Independently, people started building verified compilers and whole stacks w/
CPU's. They were initially simple with a lot to trust but got better over
time. Recently, the two schools have been merging more. Mainstream INFOSEC and
IT just ignores it all slowly reinventing it piece by piece with knock offs.
It's hard, has performance hit, or is built in something other than C language
so don't do it. (shrugs)

Here's several examples:

VLISP for Scheme48 whose papers are here:
[https://en.wikipedia.org/wiki/PreScheme](https://en.wikipedia.org/wiki/PreScheme)

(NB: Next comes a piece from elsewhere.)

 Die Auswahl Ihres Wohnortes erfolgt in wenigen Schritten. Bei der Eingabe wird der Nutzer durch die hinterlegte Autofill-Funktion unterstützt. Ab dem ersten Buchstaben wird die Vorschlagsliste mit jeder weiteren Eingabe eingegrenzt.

C0 compiler + whole stack correctness in Verisoft
[http://www.verisoft.de/VerisoftRepository.html](http://www.verisoft.de/VerisoftRepository.html)

CompCert Compiler for C [http://compcert.inria.fr/](http://compcert.inria.fr/)

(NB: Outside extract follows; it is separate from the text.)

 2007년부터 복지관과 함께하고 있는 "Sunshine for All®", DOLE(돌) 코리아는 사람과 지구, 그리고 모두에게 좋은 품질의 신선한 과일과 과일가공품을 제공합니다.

CakeML Subset of Standard ML [https://cakeml.org/](https://cakeml.org/)

Rockwell-Collins doing crypto DSL compiled to verified CPU
[http://www.ccs.neu.edu/home/pete/acl206/slides/hardin.pdf](http://www.ccs.neu.edu/home/pete/acl206/slides/hardin.pdf)

Karger's original paper with the attack from 1970's:
[https://www.acsac.org/2002/papers/classic-
multics.pdf](https://www.acsac.org/2002/papers/classic-multics.pdf)

Myer's landmark work on subversion in high-assurance security from 1980:
[http://csrc.nist.gov/publications/history/myer80.pdf](http://csrc.nist.gov/publications/history/myer80.pdf)

My framework I developed studying Karger back when I was building secure
things:

[http://pastebin.com/y3PufJ0V](http://pastebin.com/y3PufJ0V)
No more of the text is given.